HESI RN
HESI RN Exit Exam 2024 Quizlet Capstone
1. A client frequently admitted to the locked psychiatric unit repeatedly compliments and invites one of the nurses to go out on a date. The nurse's response should be to
- A. Ask not to be assigned to this client or to work on another unit
- B. Tell the client that such behavior is inappropriate
- C. Inform the client that hospital policy prohibits staff from dating clients
- D. Discuss the boundaries of the therapeutic relationship with the client
Correct answer: D
Rationale: The correct response for the nurse in this situation is to discuss the boundaries of the therapeutic relationship with the client. By doing so, the nurse can reinforce professionalism, establish clear boundaries, and prevent ethical conflicts. Option A is incorrect because avoiding the client or unit does not address the issue at hand and may compromise patient care. Option B, while acknowledging the behavior, does not address the underlying reasons and boundaries. Option C, stating hospital policy, is not as therapeutic or client-centered as discussing the therapeutic relationship directly.
2. While caring for a client's postoperative dressing, the nurse observes purulent drainage at the wound. Before reporting this finding to the healthcare provider, the nurse should review which of the client's laboratory values?
- A. White blood cell count
- B. Hemoglobin
- C. Serum creatinine
- D. Culture for sensitive organisms
Correct answer: D
Rationale: Purulent drainage suggests an infection at the wound site. Reviewing the culture and sensitivity results will guide appropriate antibiotic treatment by identifying the causative organisms and their antibiotic sensitivities. Elevated white blood cells indicate infection but do not specify the organism. Creatinine and hemoglobin values are unrelated to wound infections.
3. A client with chronic obstructive pulmonary disease (COPD) presents with a respiratory rate of 32 breaths per minute and an oxygen saturation of 86%. What is the nurse's first action?
- A. Administer oxygen at 2 L/min via nasal cannula.
- B. Notify the healthcare provider immediately.
- C. Position the client in high Fowler's position.
- D. Suction the client's airway.
Correct answer: A
Rationale: Administering oxygen at 2 L/min via nasal cannula is the nurse's first action when a client with COPD presents with a respiratory rate of 32 breaths per minute and an oxygen saturation of 86%. Oxygen therapy helps improve oxygen saturation in patients with COPD and respiratory distress. While notifying the healthcare provider is important, immediate intervention to improve oxygenation takes priority. Positioning the client in high Fowler's position can also assist with breathing but is not the initial action in this scenario. Suctioning the airway is not indicated unless there are secretions obstructing the airway, which is not mentioned in the scenario.
4. A woman who is breastfeeding calls her obstetrician’s office and reports increased anxiety since the vaginal delivery of her son three weeks ago. She stopped taking her antianxiety medications but is thinking of restarting them. What response should the nurse provide?
- A. Describe the potential transmission of drugs to the infant through breast milk.
- B. Encourage her to utilize stress-relieving alternatives, such as deep breathing.
- C. Explain that anxiety is a common reaction for mothers of 3-week-old infants.
- D. Inform her that some antianxiety medications are safe to take while breastfeeding.
Correct answer: D
Rationale: The correct answer is D because some antianxiety medications are considered safe during breastfeeding.
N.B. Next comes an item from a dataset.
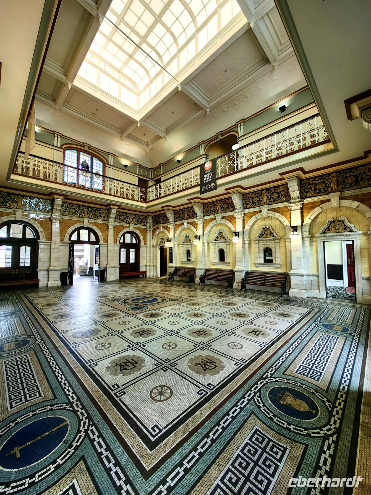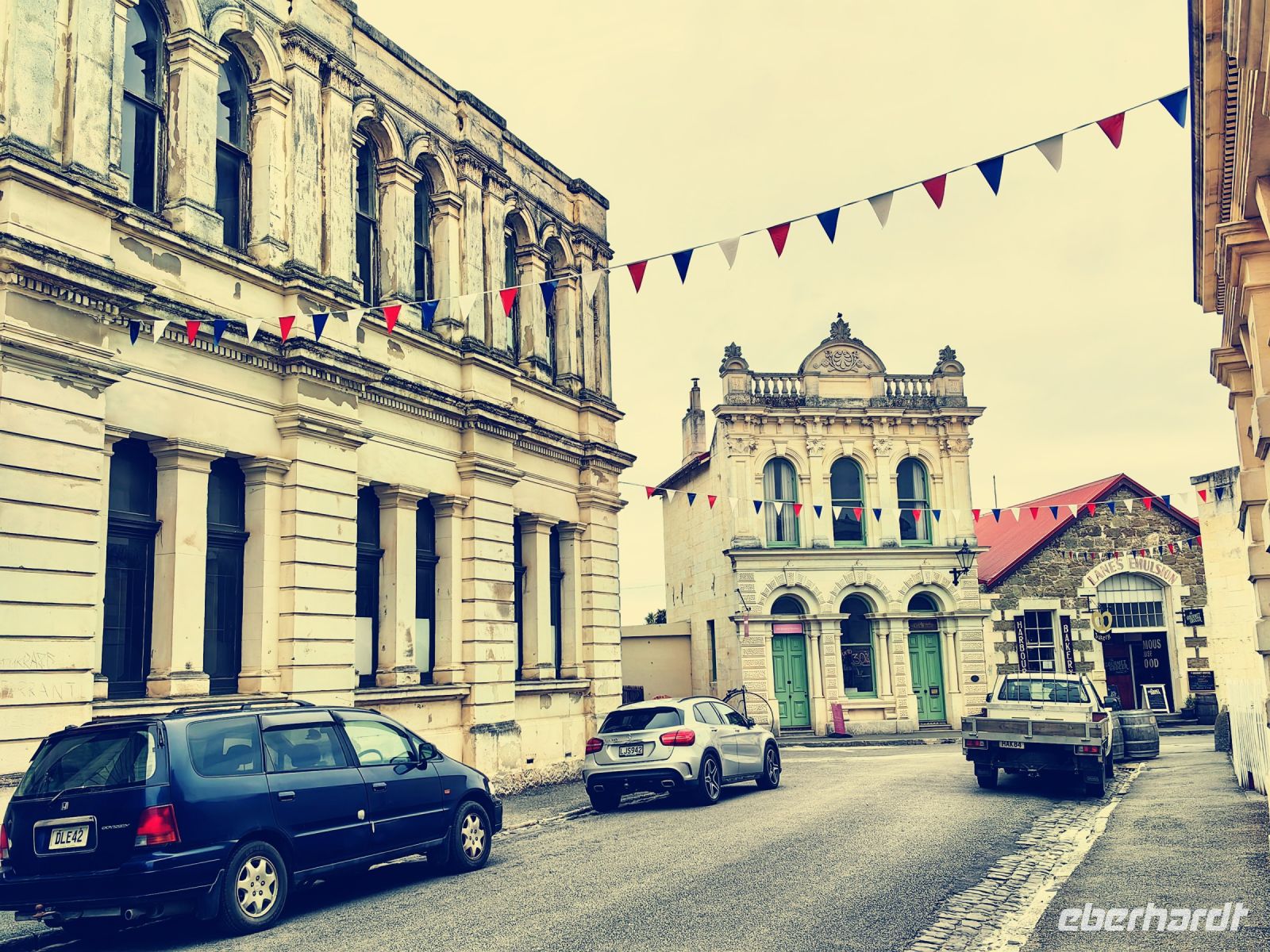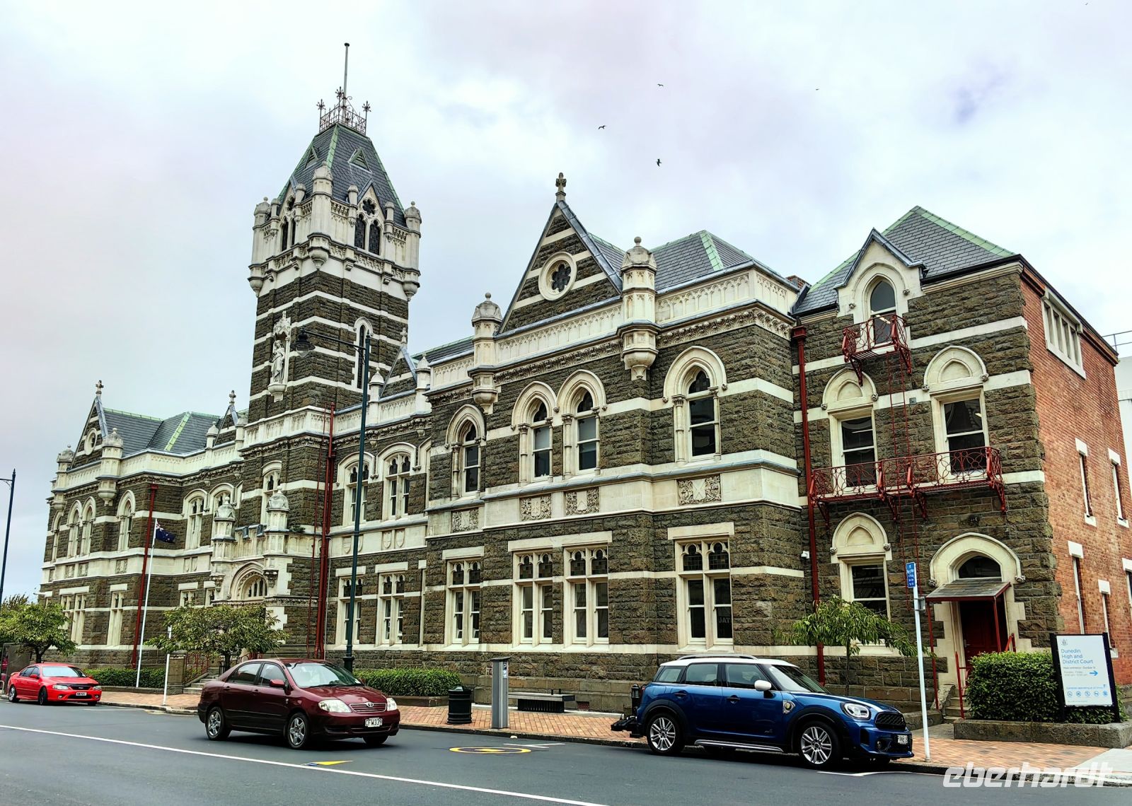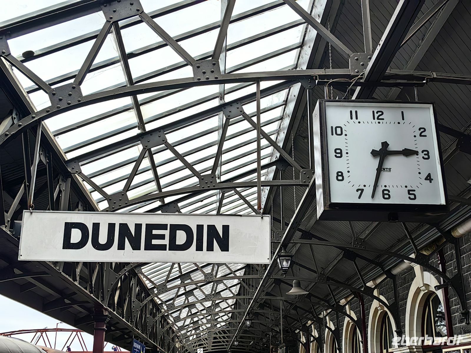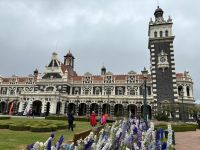 Wir finden diese rissigen "Bälle" einfach nur faszinierend und machen in allen Positionen Fotos von ihnen, bevor wir uns auf den Weg nach Dunedin machen. Nachdem wir uns etwas Leckeres zum Mittag gesucht haben, spazieren wir die Straßen mit den prachtvollen Bauwerken entlang. Besonders schön anzusehen ist der 1906 eröffnete Bahnhof im flämischen Renaissancestil. Der Boden der Fahrkartenhalle besteht aus sage und schreibe 750.000 Porzellanfliesen des Herstellers Royal Doulton. Der Bahnsteig ist einen Kilometer lang und damit Neuseelands längster. Der einzige Zug, der hier noch verkehrt, steht gerade auf den Gleisen und ist für ausländische Besucher gedacht. Die Waggons sehen bunt und flippig aus.

The nurse should reassure the client and encourage her to discuss options with her healthcare provider to manage anxiety safely while continuing to breastfeed. Choice A is incorrect because it focuses on the transmission of drugs rather than providing guidance on safe medication use. Choice B, while promoting stress-relieving techniques, does not address the potential need for medication. Choice C is incorrect as it minimizes the woman's reported anxiety, which may require professional intervention.
5. The client is being taught to choose foods rich in potassium to prevent digitalis toxicity. Which choice indicates the client understands dietary needs?
- A. Three apricots
- B. Medium banana
- C. Naval orange
- D. Baked potato
Correct answer: D
Rationale: The correct answer is D: Baked potato. Baked potatoes are rich in potassium, which is essential in preventing digitalis toxicity by helping to maintain normal electrolyte levels. Apricots, bananas, and oranges are also sources of potassium, but a baked potato has a higher potassium content compared to the other options, making it a more effective choice for preventing digitalis toxicity.